Canadian appliance maker Camco announced net income of U.S. $3.7 million, or $0.18 per share, for the second quarter ending June 25, 2005. This compares to a net loss of $1.9 million, or $0.10 per share, for the same period last year, due to significant provisions for Hamilton plant closure costs.
Total sales for the second quarter totaled $170 million, up 2 percent from sales of $167 million for the second quarter of 2004.
Closure-related expenses of $0.2 million related to final dismantling associated with the Hamilton plant, were recorded in the second quarter of 2005 compared to closure costs of $6.5 million for the same period last year.

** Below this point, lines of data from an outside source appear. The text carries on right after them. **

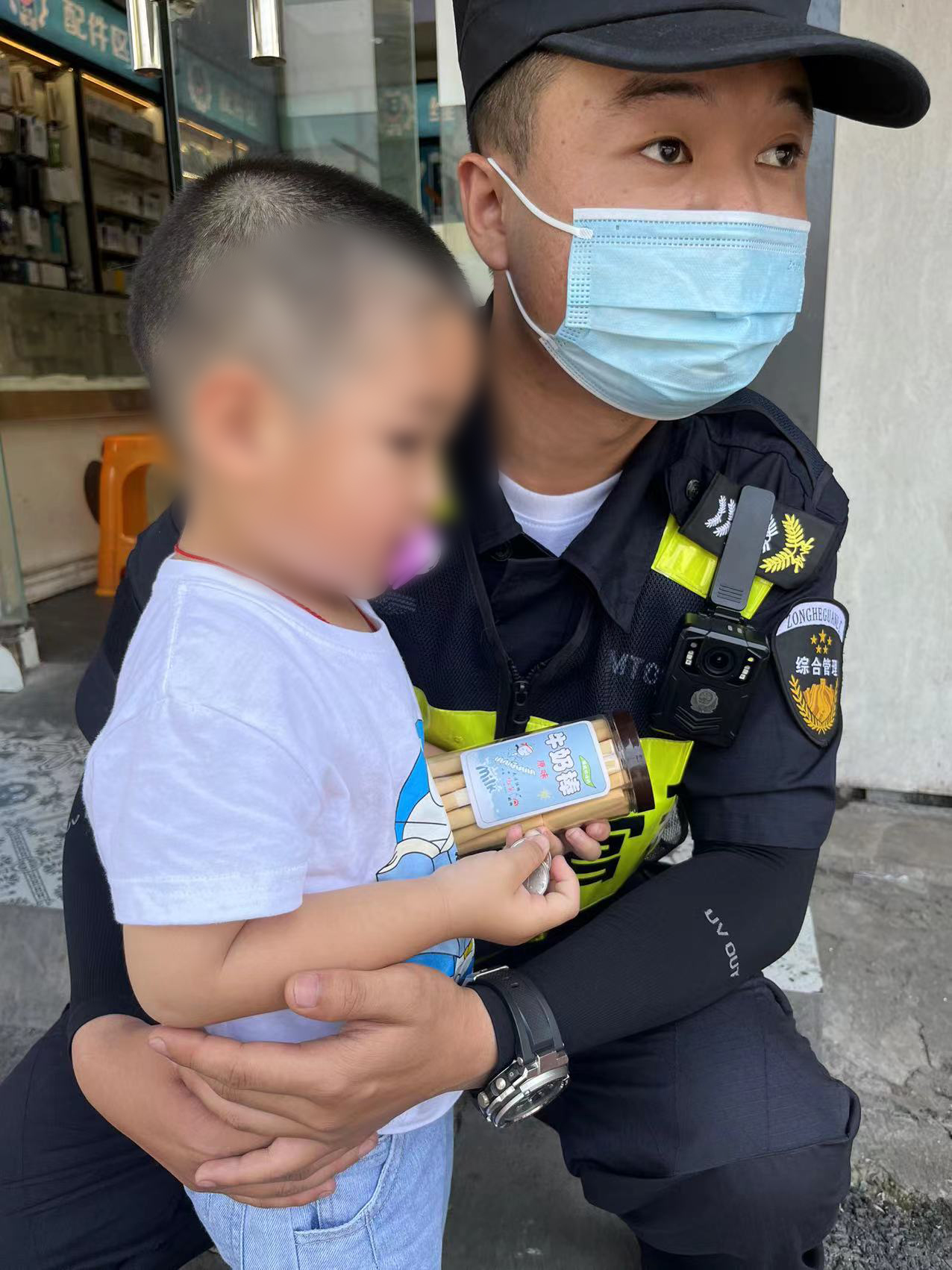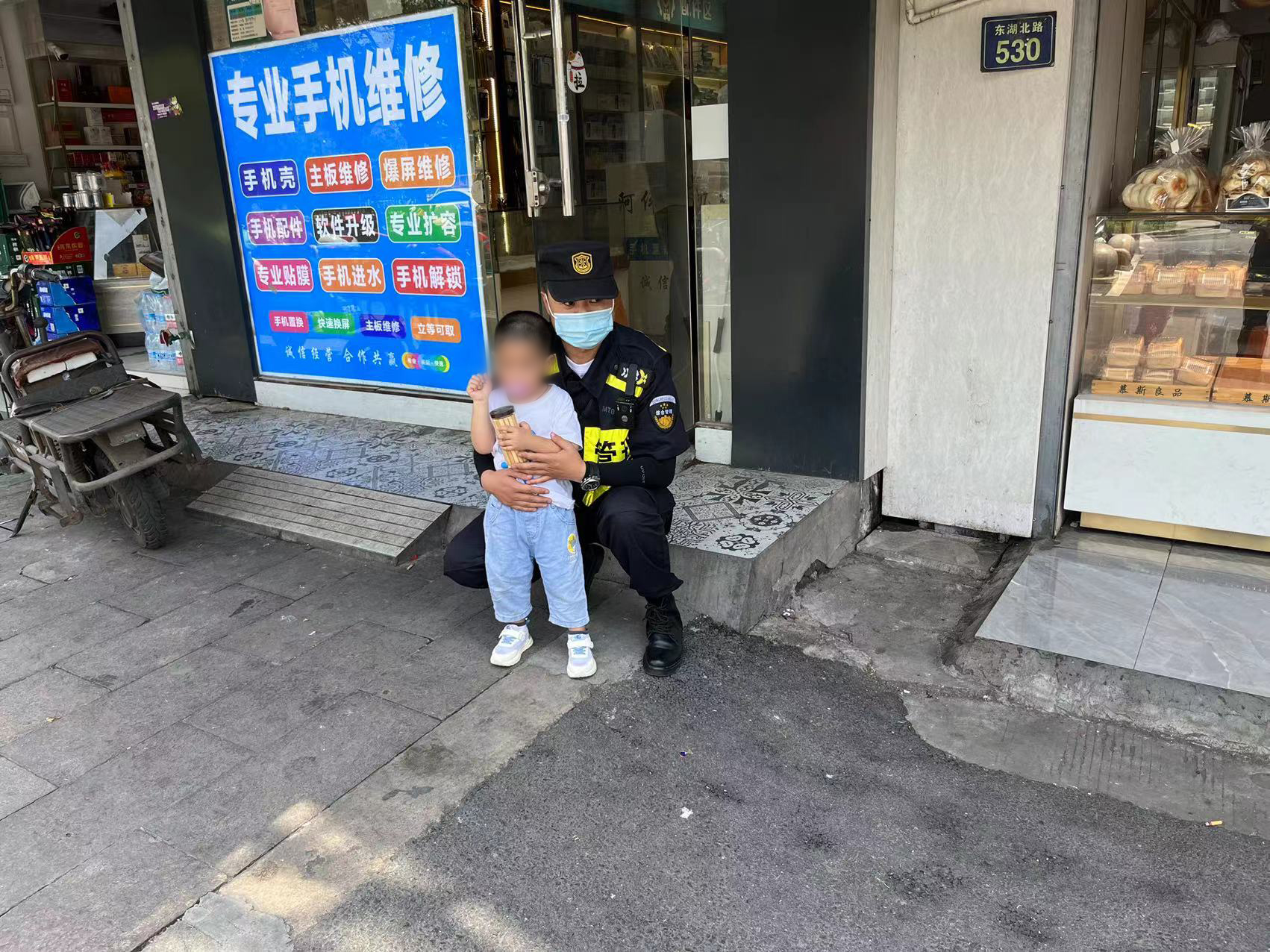 6月7日,浙江民泰駐運(yùn)河街道城管項(xiàng)目隊(duì)員幫助走散小男孩找到家人。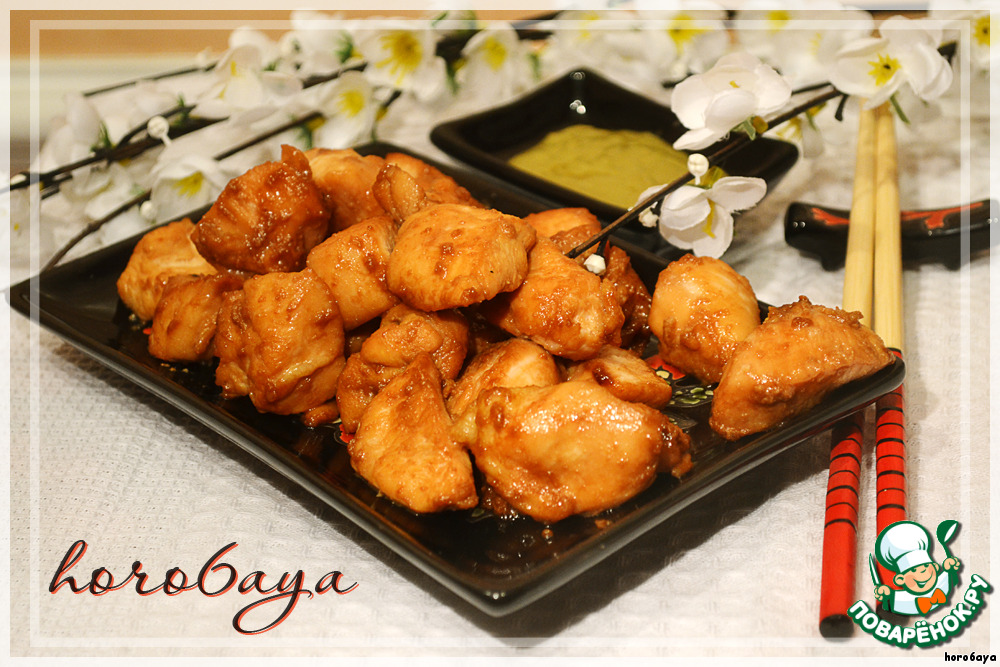 Когда курица готова на каждый кусочек капните немного васаби,затем размажьте его ложкой (или пальцем))))смоченной водой и подавайте к столу посыпав зеленью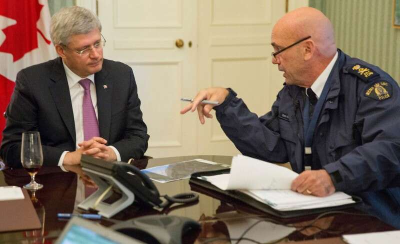 ראש ממשלת קנדה הרפר (משמאל) בזמן תדרוך בעקבות הירי /// צילום: אי.פי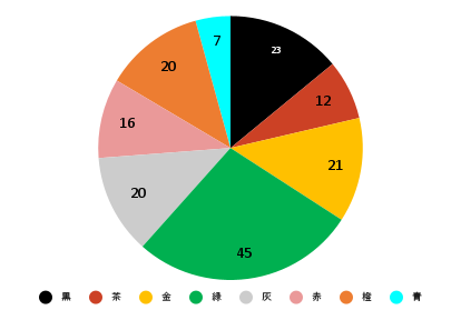 圧倒的緑。こちらも他の髪色の倍。かつてチョリシーズくんとの結婚を避ける予定だったのはこのせい。茶色と黒は見分けがつきづらかったのでもう少し茶色が多いかも。そして圧倒的に少ない青。15代目のときは2人なのでシトラスちゃん、ヘレンちゃんで多少盛り返しました。実際はまだ生まれていなかった子もいたのでもう少し後で増えましたが。相変わらず青は少ないので、しばらくはポップ家は青だらけになる予定です。かつては橙も青に次いで少なかったのですが、末裔ちゃんと王家を中心に大幅に増えました。

For the first half of 2005, the Camco recorded net income of $9.0 million on sales of $302 million compared to a net loss of $5.6 million on sales of $290 million in 2004. Income from operations, before closure costs and write-downs, were $3.9 million, compared to $4.8 million in 2004 as a result of recent increases in commodity prices, especially steel and plastic.
As announced on July 25, 2005, Controladora Mabe S.A. de C.V. (Mabe) of Mexico and Camco have entered into a support agreement pursuant to which 6295053 Canada Inc, a wholly owned subsidiary of Mabe, will make an offer to purchase all of the common shares of the Company at a price of $3.52 per share for an aggregate value of approximately $70.4 million.
"The market for home appliances was quite robust during the first half of the year, and this was a major contributor to Camco's strong performance," James Fleck, president and CEO said. "Material cost inflation continued to be a critical issue for the company, and as a result price increases were implemented in Canada and the US. Most significantly, Camco reached an agreement with GE that effectively increases dryer prices retroactively for the first half of 2005. In the event that the Mabe transaction does not close in the third quarter, the dryer supply agreement with GE will need to be renegotiated."